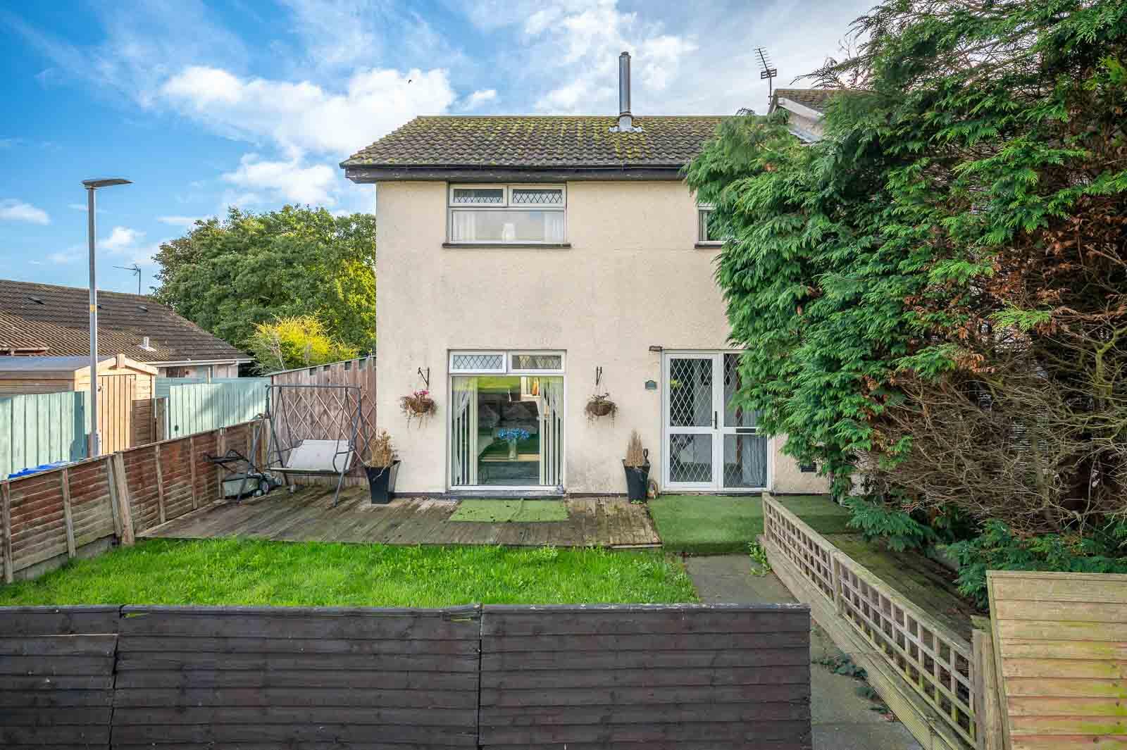 Communal parking to the front, front garden in lawns, timber decked terrace, fully enclosed rear and side garden with extensive paved terrace areas, artificial grass, uPVC oil tank, oil fired boiler.
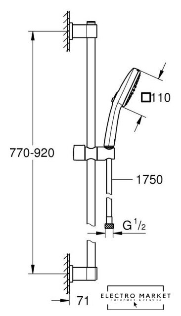 | Комплектация | штанга, ручной душ (лейка), держатель лейки, шланг |
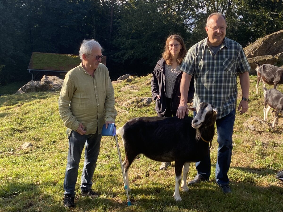 Bereits seit dem Frühjahr springen nun wieder Thüringer Waldziegen, eine bedrohte Haustierrasse, in einer kleinen Herde über die Weideflächen. Über vier kleine Zicklein, die bereits im ersten Weidejahr lebendige Vielfalt auf die Weideflächen brachten, freuten sich Irmi Schwarz, Toni Wolf und Korbinian Schönberger von der Bund-Naturschutz-Ortsgruppe.
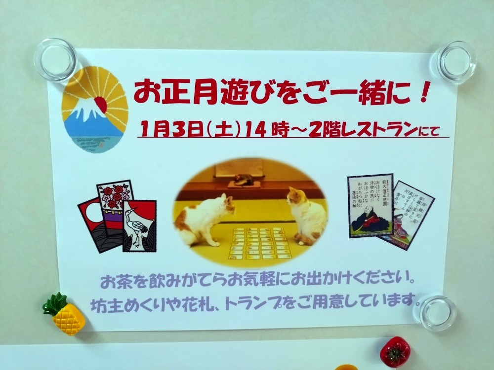 入居者の方々は、”ぼうずめくり”で大変盛り上がっていました。 初笑(^^♪
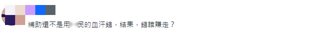 還有島內(nèi)網(wǎng)民表示質(zhì)疑,“補(bǔ)助還不是用民眾的血汗錢,結(jié)果,錢誰(shuí)賺走?”
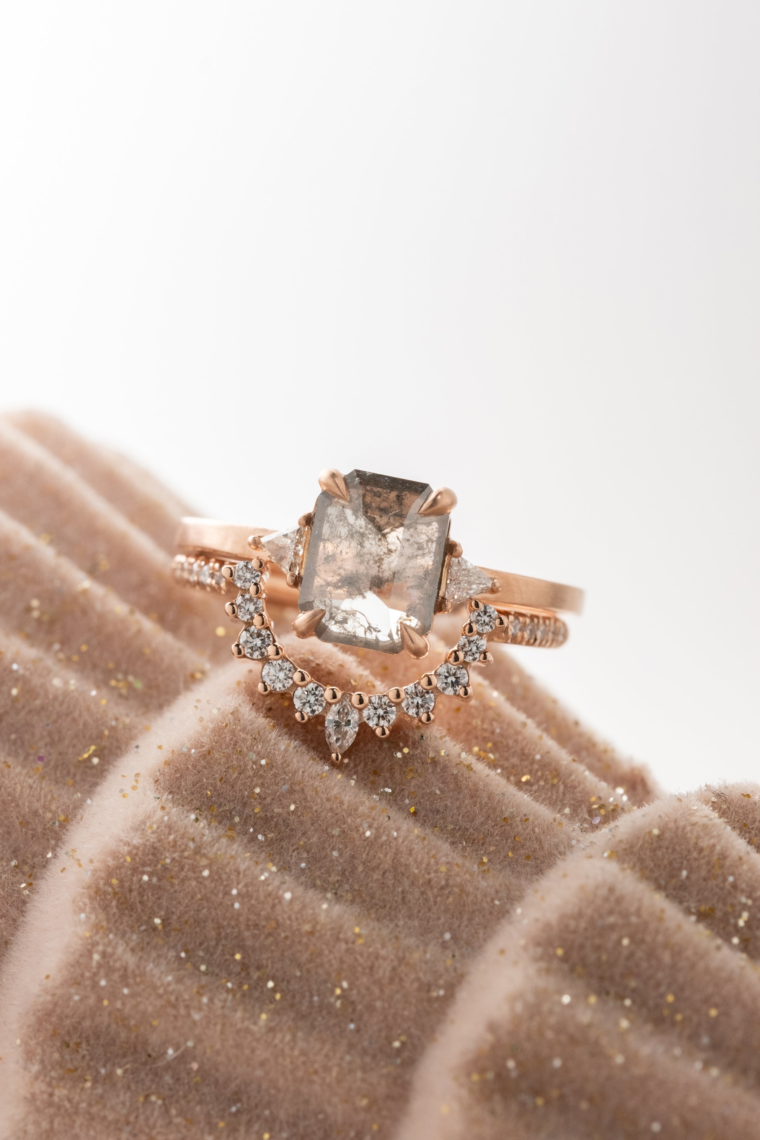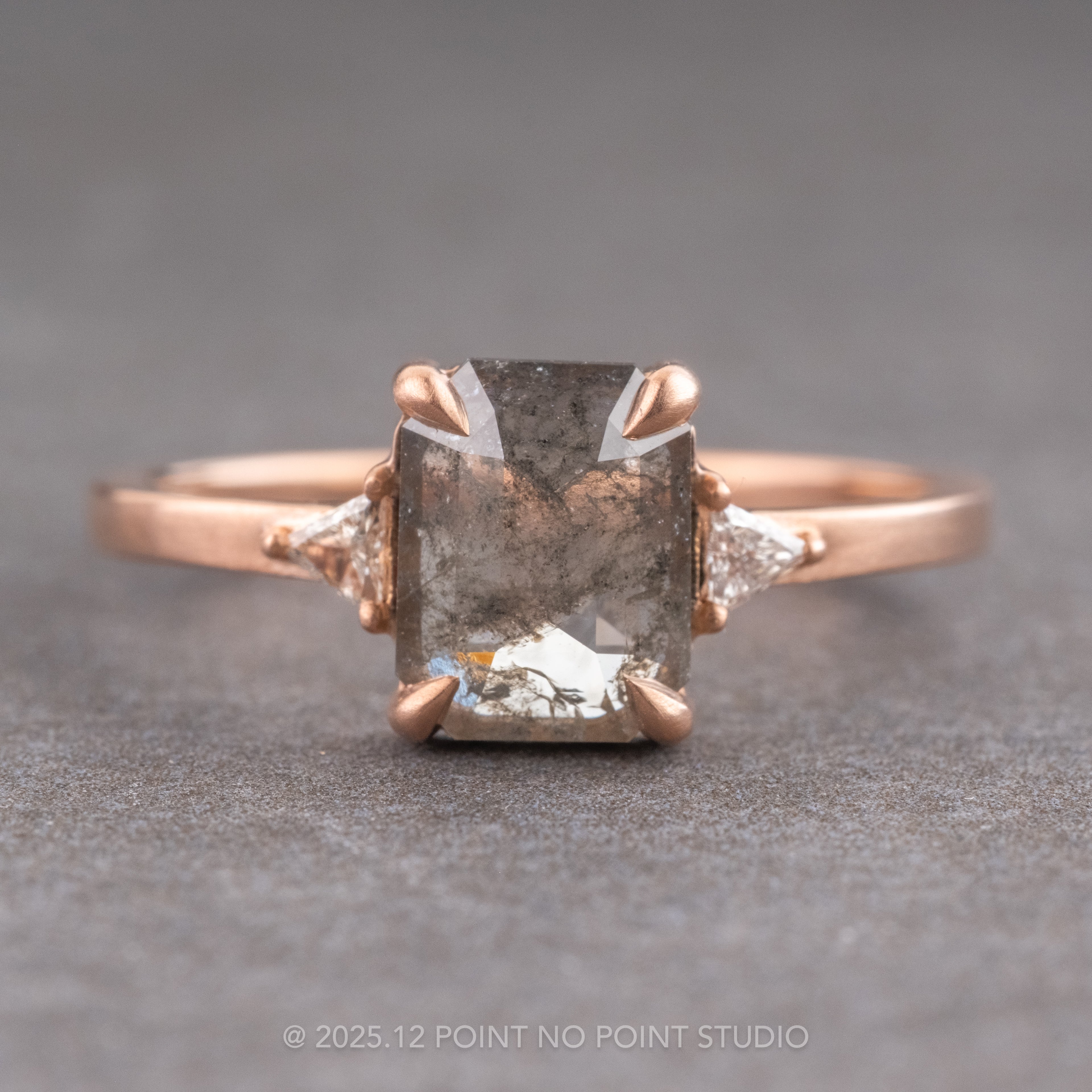 This ring features a beautiful salt and pepper emerald rose cut diamond. The diamond is a top quality, un-enhanced, semi-translucent natural grey speckled diamond; set on either side of the center stone are white brilliant cut triangle accent diamonds. The diamond is set into an open back setting which allows you to see and admire the unique inner structure, tones, and marbling of the diamond.
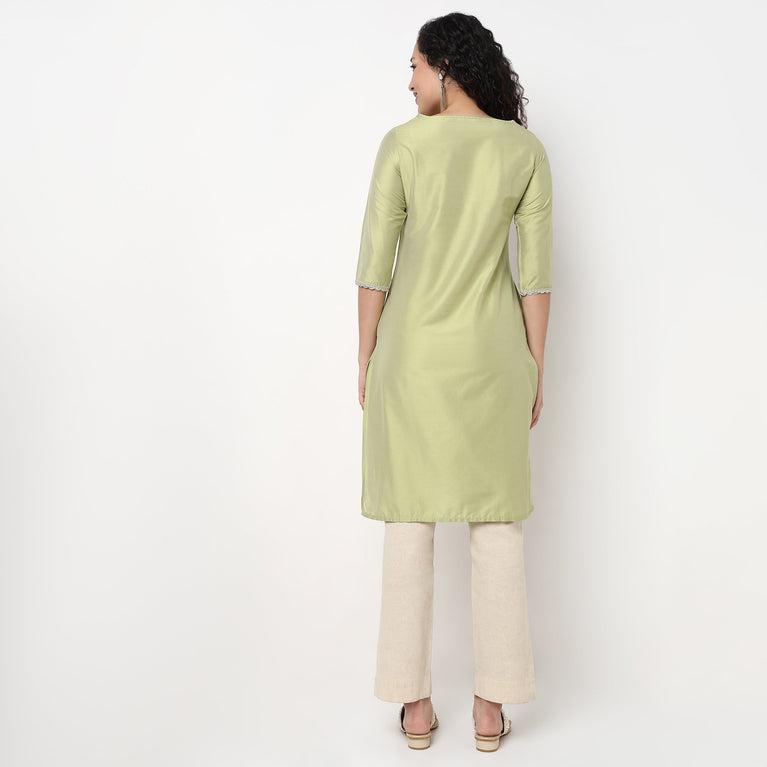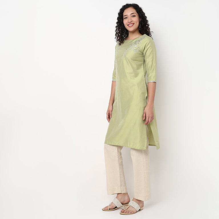 This embroidered pattern kurta has a round neck and three-fourth sleeve. Made from cotton, it is soft and comfortable to wear.

* _ASSIGNED TASK_
Print every entry exactly as written, without the pictures.

* _TASK RESPONSE_
 Communal parking to the front, front garden in lawns, timber decked terrace, fully enclosed rear and side garden with extensive paved terrace areas, artificial grass, uPVC oil tank, oil fired boiler.
 | Комплектация | штанга, ручной душ (лейка), держатель лейки, шланг |
 Bereits seit dem Frühjahr springen nun wieder Thüringer Waldziegen, eine bedrohte Haustierrasse, in einer kleinen Herde über die Weideflächen. Über vier kleine Zicklein, die bereits im ersten Weidejahr lebendige Vielfalt auf die Weideflächen brachten, freuten sich Irmi Schwarz, Toni Wolf und Korbinian Schönberger von der Bund-Naturschutz-Ortsgruppe.
 入居者の方々は、”ぼうずめくり”で大変盛り上がっていました。 初笑(^^♪
 還有島內(nèi)網(wǎng)民表示質(zhì)疑,“補(bǔ)助還不是用民眾的血汗錢,結(jié)果,錢誰(shuí)賺走?”
 This ring features a beautiful salt and pepper emerald rose cut diamond. The diamond is a top quality, un-enhanced, semi-translucent natural grey speckled diamond; set on either side of the center stone are white brilliant cut triangle accent diamonds. The diamond is set into an open back setting which allows you to see and admire the unique inner structure, tones, and marbling of the diamond.
 This embroidered pattern kurta has a round neck and three-fourth sleeve. Made from cotton, it is soft and comfortable to wear.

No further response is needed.